ISTANBUL: A Turkish lawyer has been arrested and charged with “insulting the president” over a controversial tweet that included sexist remarks directed at ruling Justice and Development Party MP Ozlem Zengin.
Police raided Mert Yasar’s house on Tuesday and detained the lawyer after an investigation by the Istanbul chief public prosecutor’s office.
Zengin sparked widespread anger recently with dismissive comments on alleged human rights violations and strip searches in Turkish prisons, ridiculing the claims of dozens of conservative women who said they had been subjected to intrusive searches in recent years.
“An honorable woman, a woman with morals, wouldn’t wait a year (before complaining). This is an imaginary narrative,” Zengin said on Feb. 19.
Amid public debate on the topic, Zengin said that women were falling pregnant on orders from various “illegal” groups seeking to trigger public anger over babies growing up in prisons.
“These people are having babies upon directives so that they can assert ‘there are pregnant women or women with babies in jails’,” she said on Feb. 21.
Yasar responded to this latest statement with a furious tweet, targeting the MP: “If the presidential cabinet is given the right of the first night, will Ozlem Zengin close her mouth?” he tweeted, sparking anger among women’s rights activists from all sides of politics.

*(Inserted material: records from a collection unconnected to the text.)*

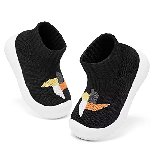 • Baby Shoes Girls Boys Breathable Baby Sock Shoes with Non Slip Soft Rubber Sole Infant First Walking Sneaker Toddler Slipper Lightweight 12-15 Months Black
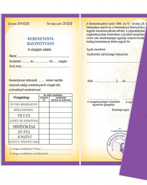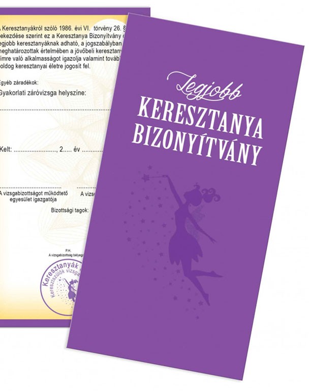 Vicces bizonyítvány, ajándék keresztanyáknak. Írd be az érdemjegyeket a legjobb keresztanyának, az ötletes, szórakoztató vizsgatárgyak mellé.
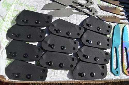 They come with a custom Kydex sheath. The sheath has removable hardware for flexibility and ease of cleaning.
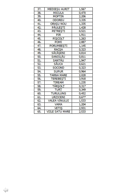 Astfel, dacă municipiul Satu Mare, cu o incindență a bolii de 3, 789 cazuri la mia de locuitori, și Odoreul, cu 3,335 cazuri la mia de locuitori, se aflau și până acum în top, surprinde, în schimb, noul lider.
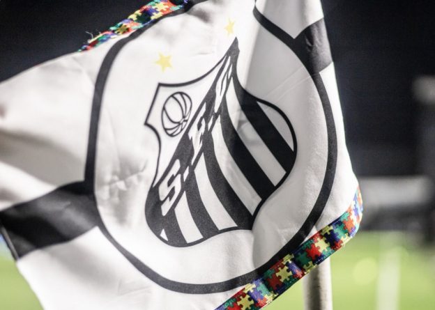 Bandeirinha de escanteio do Santos com homenagem às pessoas com autismo
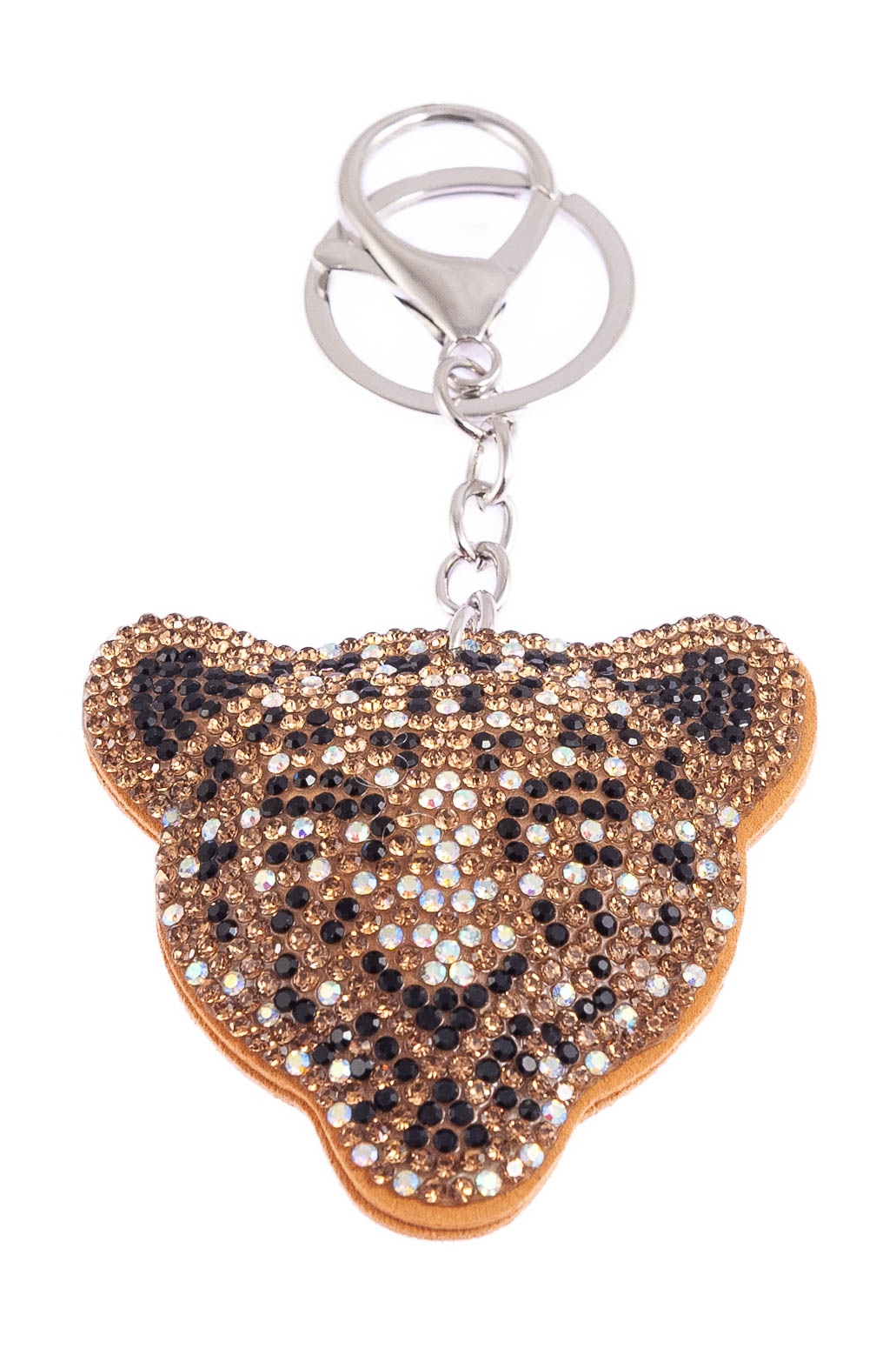 Elegancki brelok w kształcie tygrysa, ozdobiony dżetami w kolorze brązowym i czarnym.
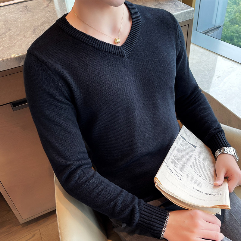 秋冬毛衣男v领长袖纯色鸡心领针织衫加厚保暖打底衫内搭线衣外套

Fahrettin Altun, presidential communications director, immediately issued a statement urging the “independent Turkish judiciary to punish this creature named Mert Yaşar in the severest way possible.”
“What will the opposition do in the face of this dishonor? They will, most probably, hide their heads in the sand. We will follow it up,” he said.
Yasar was arrested on charges of insulting the president according to Article 299 of the Turkish penal code — which critics say points to the disproportionate use of this clause since his tweet targeted an MP, not the president himself.
Article 299 stipulates that the person who insults the president shall be punished by imprisonment from one to four years, and if the crime is committed publicly, the punishment will be increased by one to six years.
Between 2014 and 2019, about 128,872 investigations were carried out into alleged insults against President Recep Tayyip Erdogan, with prosecutors launching about 27,700 criminal cases.
A total of 9,556 defendants were sentenced by Turkish courts, while about 900 minors aged between 12 and 17 also appeared before the court on the same charge.
“The politicization of the judiciary continues with unlawful arrest and false accusation,” rights activist Nesibe Kiris said.
Several female politicians and right activists offered examples of their personal experiences with insults that failed to lead to criminal proceedings, sparking debate about the “politically motivated” implementation of such penal clauses.
“All kinds of insults, threats, sexist attacks on me and all opposing women are free and even they provide a reason for a decision of non-prosecutions. But when it comes to an AKP politician, it becomes a reason for his arrest. It is a tailor-made judiciary. The people’s scales of conscience will weigh all of you when the day comes,” Canan Kaftancioglu, Istanbul head of the opposition Republican People’s Party tweeted.
A group of lawyers issued a message in support of Yasar, saying that his arrest “is the continuation of the judicial practice that makes decisions under the pressure of social media and political power.”
The arrest was also attacked as being a warning against any vocal criticisms on social media.